* **Exercise description**: Provide again, from the entries below, every line from the one containing "Gouden vlinderbedel op een bubbelrekker." through the one containing "Lonchera de marca", exactly as written, and no other line.

* **Information supplied**:
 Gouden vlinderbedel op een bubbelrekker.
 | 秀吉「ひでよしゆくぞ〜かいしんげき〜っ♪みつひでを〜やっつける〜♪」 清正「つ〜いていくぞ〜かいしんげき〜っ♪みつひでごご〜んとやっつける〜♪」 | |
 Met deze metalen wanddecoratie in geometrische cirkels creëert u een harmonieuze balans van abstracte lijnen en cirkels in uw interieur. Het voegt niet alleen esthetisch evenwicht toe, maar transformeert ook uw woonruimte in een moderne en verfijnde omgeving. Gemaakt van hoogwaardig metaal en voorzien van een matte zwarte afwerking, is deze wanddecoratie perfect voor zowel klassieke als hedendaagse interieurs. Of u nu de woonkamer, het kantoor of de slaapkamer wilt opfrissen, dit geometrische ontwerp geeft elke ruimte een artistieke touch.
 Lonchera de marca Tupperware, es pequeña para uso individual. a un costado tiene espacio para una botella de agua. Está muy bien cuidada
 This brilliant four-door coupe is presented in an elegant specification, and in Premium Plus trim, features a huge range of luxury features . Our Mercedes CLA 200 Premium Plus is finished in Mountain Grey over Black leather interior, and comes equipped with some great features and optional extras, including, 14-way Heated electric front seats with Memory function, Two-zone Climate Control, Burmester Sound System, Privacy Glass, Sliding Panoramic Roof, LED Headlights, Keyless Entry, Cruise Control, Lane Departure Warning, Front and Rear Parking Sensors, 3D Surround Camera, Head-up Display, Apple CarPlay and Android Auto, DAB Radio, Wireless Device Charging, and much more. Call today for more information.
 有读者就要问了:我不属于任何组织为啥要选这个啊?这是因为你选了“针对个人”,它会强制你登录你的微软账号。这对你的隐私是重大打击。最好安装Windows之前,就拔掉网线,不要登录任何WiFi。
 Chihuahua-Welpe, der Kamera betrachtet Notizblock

---

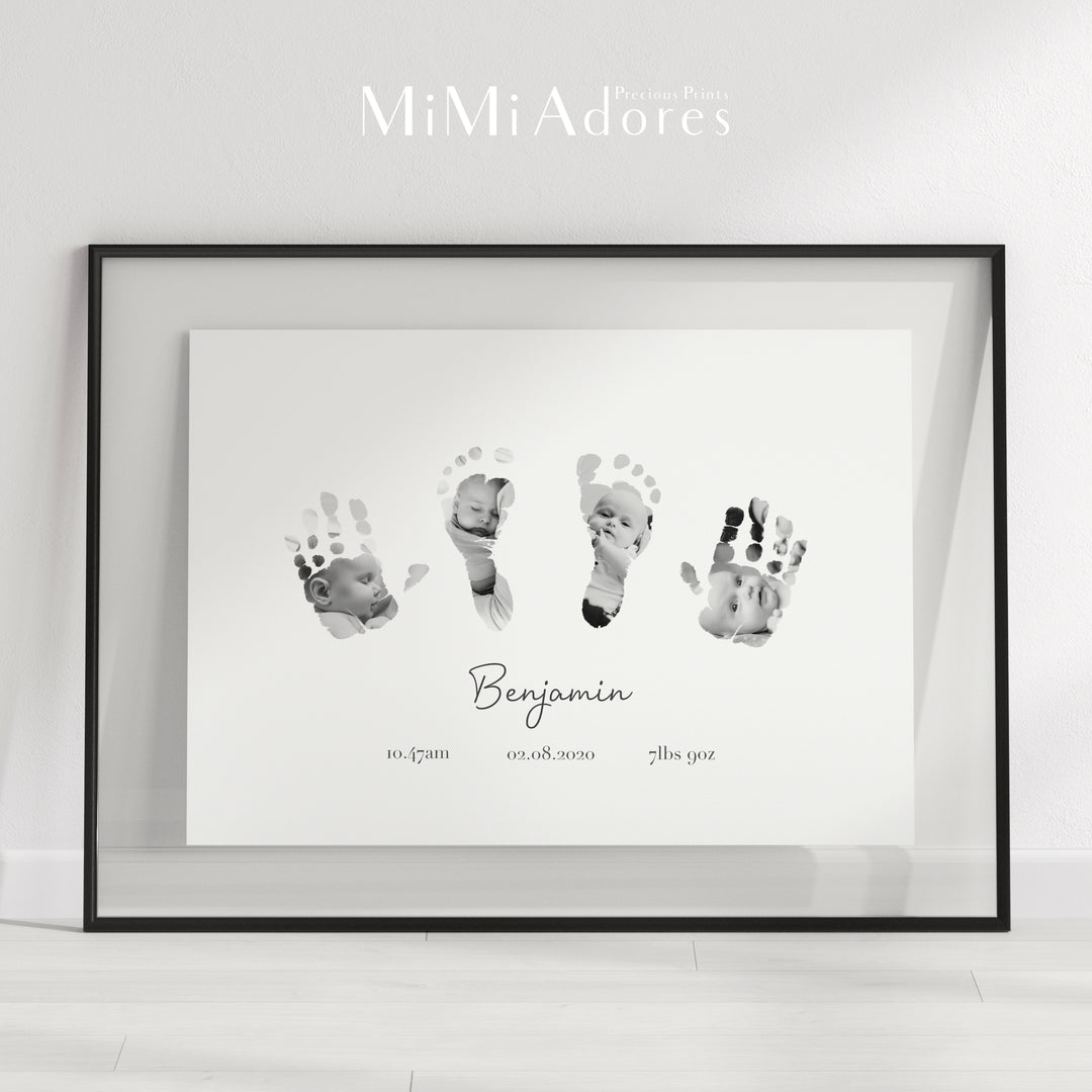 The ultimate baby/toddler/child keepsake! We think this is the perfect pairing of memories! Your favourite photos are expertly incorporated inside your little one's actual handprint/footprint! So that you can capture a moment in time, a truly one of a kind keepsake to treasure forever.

* **Exercise result**:
 Gouden vlinderbedel op een bubbelrekker.
 | 秀吉「ひでよしゆくぞ〜かいしんげき〜っ♪みつひでを〜やっつける〜♪」 清正「つ〜いていくぞ〜かいしんげき〜っ♪みつひでごご〜んとやっつける〜♪」 | |
 Met deze metalen wanddecoratie in geometrische cirkels creëert u een harmonieuze balans van abstracte lijnen en cirkels in uw interieur. Het voegt niet alleen esthetisch evenwicht toe, maar transformeert ook uw woonruimte in een moderne en verfijnde omgeving. Gemaakt van hoogwaardig metaal en voorzien van een matte zwarte afwerking, is deze wanddecoratie perfect voor zowel klassieke als hedendaagse interieurs. Of u nu de woonkamer, het kantoor of de slaapkamer wilt opfrissen, dit geometrische ontwerp geeft elke ruimte een artistieke touch.
 Lonchera de marca Tupperware, es pequeña para uso individual. a un costado tiene espacio para una botella de agua. Está muy bien cuidada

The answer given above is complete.